To be good at advertising, it helps to “get” advertising. And to “get” advertising, it pays to “know” advertising – be aware of the advertising that came before, the advertising that’s out there now and yes, have opinions on advertising yet to come. But does that loop close with loving advertising? Do you have to love it to be good at it?
Not in my opinion. I’ll tell you why.
Naturally, I can only speak to what I know, and I’m only a lowly, casually clothed creative with fantastic shoes. Really. Killer footwear.
I think that any creative’s biggest challenge is to create connections where none previously existed. In advertising, we have a daily mandate to associate a product or service with a feeling, an activity or an aspirational byline. Our job is to find the delicate threads between two disconnected things, and make them feel so obvious that our audience intuitively links them for a long time to come. Other ads can only reveal how other people have done this. The best tool for this job is personal experience.
Imagination has a torrid affair with experience. It is always trying to bend it, twist it, and make something of it. The greatest creative endeavors of all stripes are conceptually, cognitively and executionally totally dependent on having material to draw from. The same is true in advertising. Think of hallmark conceptual leaps: from Apple computers to George Orwell novels to the geographical explosion of a Monopoly board onto the city streets of London. Defining moments of our craft almost invariably require a deeper understanding of the social, physical or psychological world around us. You’re not going to find new insights into those things in Communication Arts annuals. No matter how many decades you comb through.
Loving advertising is about enthusiasm for your craft. But what about enthusiasm for the small details of everyday living? The lives well lived, the absurd human interest pieces, the tactile adventures? Those things add depth to your writing, gloss to your art direction. Detail to all things.

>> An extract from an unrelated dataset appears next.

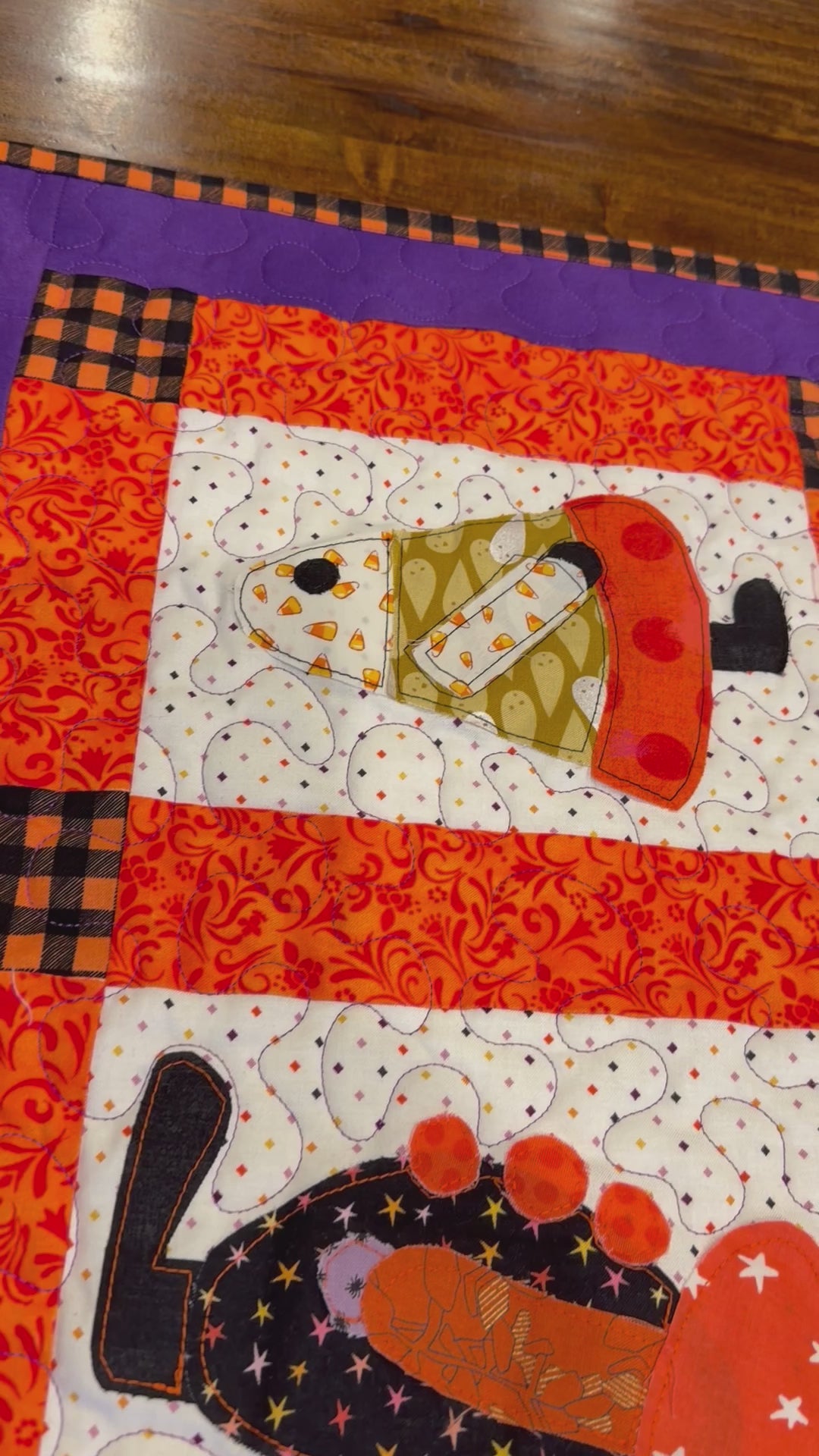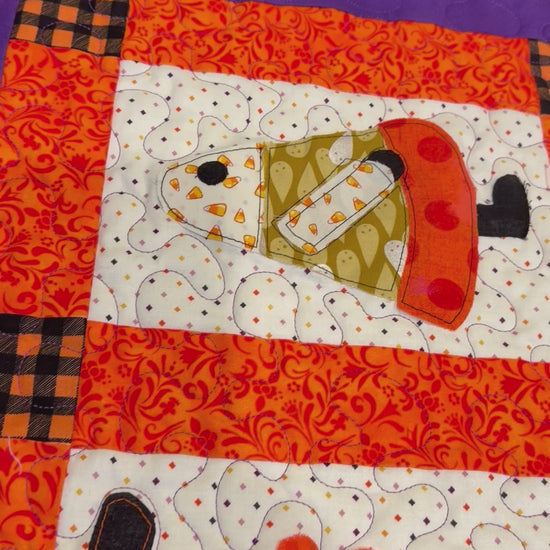 The Trick or Treat Ghosts Table Runner offers a charming and distinctive touch to Halloween décor. Expertly crafted, this table runner measures approximately 17 inches by 51 inches. The highlighted ghost motifs are inspired by the classic “Sun Bonnet Sue” design and are elegantly depicted as charming Trick or Treaters. Each ghost is created using raw-edge appliqué and are oriented in opposite directions, ensuring the design is visible from both sides of the table. The runner is backed with coordinating bat-themed fabric, while the binding complements the front design for a cohesive look. This table runner is an ideal gift for anyone who appreciates festive Halloween decorations.

To my mind, creativity and curiosity have to be inherently linked. By looking at some of the foremost creative minds out there, we see how important exploration of the world is to their creative practice. In his TED talk, Stefan Sagmeister, the fêted designer, discusses why he takes one year off for every seven years of work. For Sagmeister, time off to explore his thoughts and the world around him is inherent to his success. They provide the fuel for the next seven years. They give him axis points he can link in the future.
I don’t dispute the importance of feeling compelled by other peoples’ creativity and connections. Knowing your landscape IS an experience. Similarly, I am not dismissing the power of loving what you do for a living. Having dedication to your art is as crucial to advertising as any other endeavor. It gives you the wings to find better solutions, delve into fine detail, be ambitious about your outputs. But it shouldn’t be your sole referent.
So perhaps I’m being blasphemous when I say that hearing “advertising is my life” saddens me to the degree it does. But the truth is, I’d always rather see someone’s individuality in their advertising than the other way around.